# RAW DATA
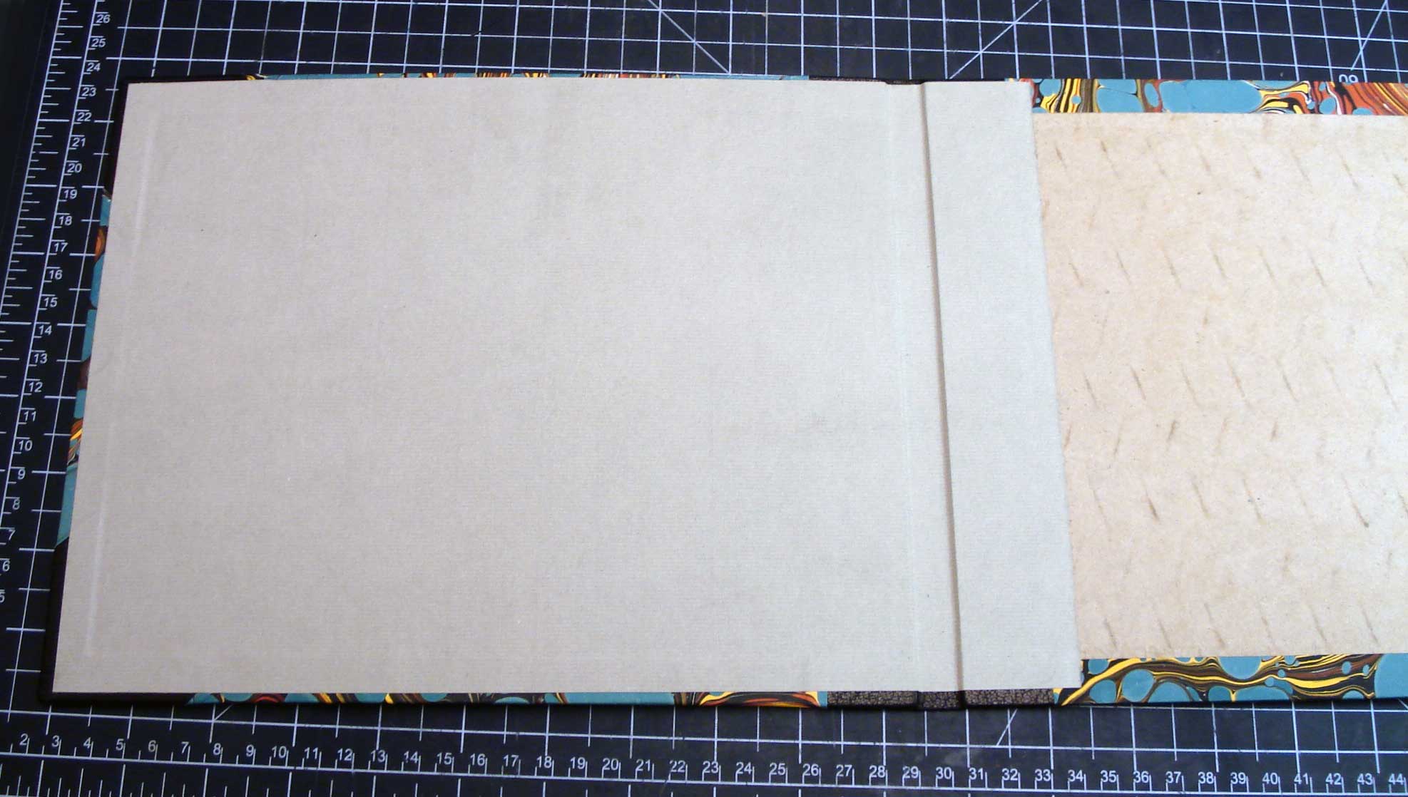 After trimming out the inside, the pastedown can be done with either paper or cloth and is cut wide enough to cover the inside of the joint. Depending upon the lining of the outside of the boards, the inside can also be in-filled to counteract excessive pull.
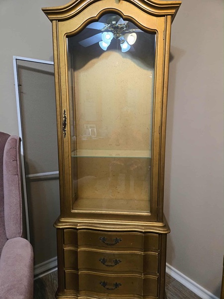 Vintage wood curio cabinet with drawers. A couple of glass shelves are missing. In excellent condition.
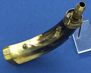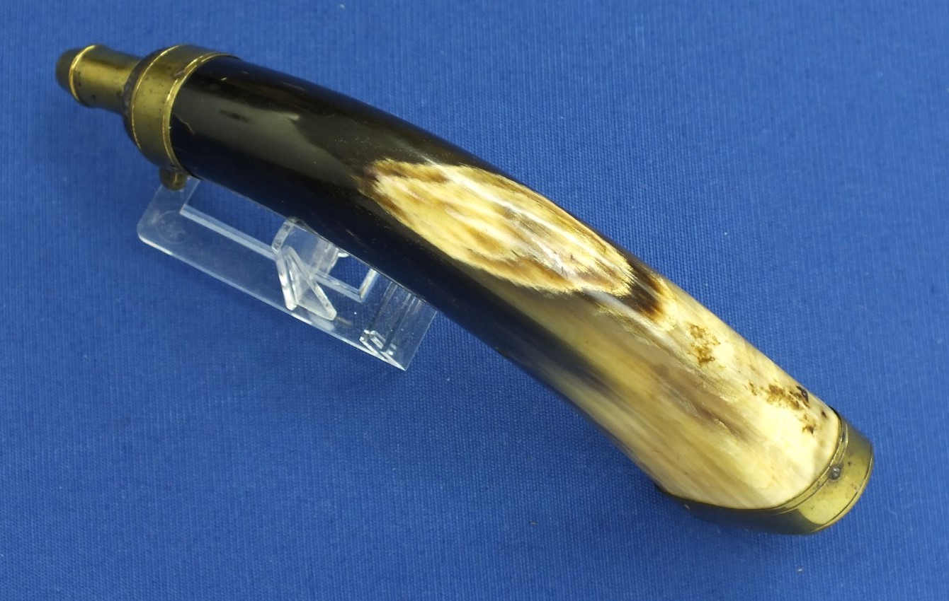 A fine antique 19th century Powder Horn with Brass Mounts, length 21,5 cm. In very good condition. Price 220 euro
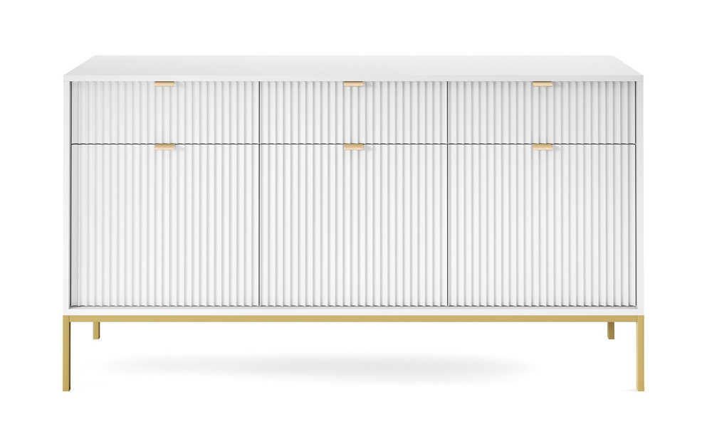 Den stora tredörrars Volare-byrån är ett förslag för människor som vill ta itu med röran för gott och samtidigt ha en vacker och intressant inredning. Bakom ett par eleganta luckor döljer möblerna en extremt rymlig interiör, som består av totalt sex rymliga hyllor och tre bekväma lådor. Denna lösning gör att du hittar tillräckligt med plats för dina tillhörigheter här, tack vare ordningen i rummet. Volare-kollektionen sticker ut från liknande förslag med en moderiktig design, där huvuddekorationen är en räfflad front och en geometrisk bas. Detta gör att möblerna ser extremt attraktiva ut och de kan placeras inte bara i vardagsrummet, utan även i sovrummet, hallen eller gästrummet. Byrån imponerar med en vacker, elegant nyans av svart. Den neutrala nyansen gör det mycket lättare att matcha den till inredningen, så att du enkelt kan skapa ett intressant arrangemang.

# REQUIRED ACTION
These lines alone form the answer: the one containing "Vintage wood curio" and every line after it through the end of the material, exactly as written, pictures left out.

# FINISHED EXERCISE
 Vintage wood curio cabinet with drawers. A couple of glass shelves are missing. In excellent condition.
 A fine antique 19th century Powder Horn with Brass Mounts, length 21,5 cm. In very good condition. Price 220 euro
 Den stora tredörrars Volare-byrån är ett förslag för människor som vill ta itu med röran för gott och samtidigt ha en vacker och intressant inredning. Bakom ett par eleganta luckor döljer möblerna en extremt rymlig interiör, som består av totalt sex rymliga hyllor och tre bekväma lådor. Denna lösning gör att du hittar tillräckligt med plats för dina tillhörigheter här, tack vare ordningen i rummet. Volare-kollektionen sticker ut från liknande förslag med en moderiktig design, där huvuddekorationen är en räfflad front och en geometrisk bas. Detta gör att möblerna ser extremt attraktiva ut och de kan placeras inte bara i vardagsrummet, utan även i sovrummet, hallen eller gästrummet. Byrån imponerar med en vacker, elegant nyans av svart. Den neutrala nyansen gör det mycket lättare att matcha den till inredningen, så att du enkelt kan skapa ett intressant arrangemang.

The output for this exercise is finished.